The word layout comes from the fact that the when a program runs, it’ll consist of several segments of memory. The basic list of segments are:
- the executable code
- static values (like strings)
- global variables
- libraries
- heap (growable)
- stack (growable)
- mmap()/VirtualAlloc() (random location)
The problem for executable code is that for ASLR to work, it must be made position independent. Historically, when code would call a function, it would jump to the fixed location in memory where that function was know to be located, thus it was dependent on the position in memory.

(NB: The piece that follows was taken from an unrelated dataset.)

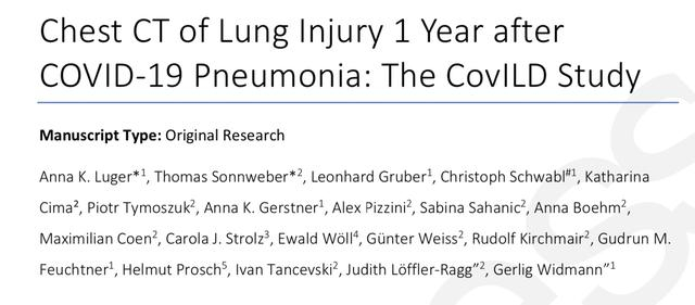 来自奥地利的研究团队在关于COVID-19肺炎的这项最新研究中提到,尽管他们的队列随访时间较短,但观察到的与之前的这些发现一致,表明COVID-19后CT异常持续,但随后较为稳定。

To fix this, code can be changed to jump to relative positions instead, where the code jumps at an offset from wherever it was jumping from.
To enable this on the compiler, the flag -fPIE (position independent executable) is used. Or, if building just a library and not a full executable program, the flag -fPIC (position independent code) is used.
Then, when linking a program composed of compiled files and libraries, the flag -pie or –static-pie is used. In other words, use -fPIE -pie when compiling executables, and -fPIC when compiling for libraries.
When compiled this way, exploits will no longer be able to jump directly into known locations for code.
RELRO
Modern systems have dynamic/shared libraries. Most of the code of a typical program consists of standard libraries. As mentioned above, the GNU standard library glibc is 8-megabytes in size. Linking that into every one of hundreds of programs means gigabytes of disk space may be needed to store all the executables. It’s better to have a single file on the disk, libglibc.so, that all programs can share it.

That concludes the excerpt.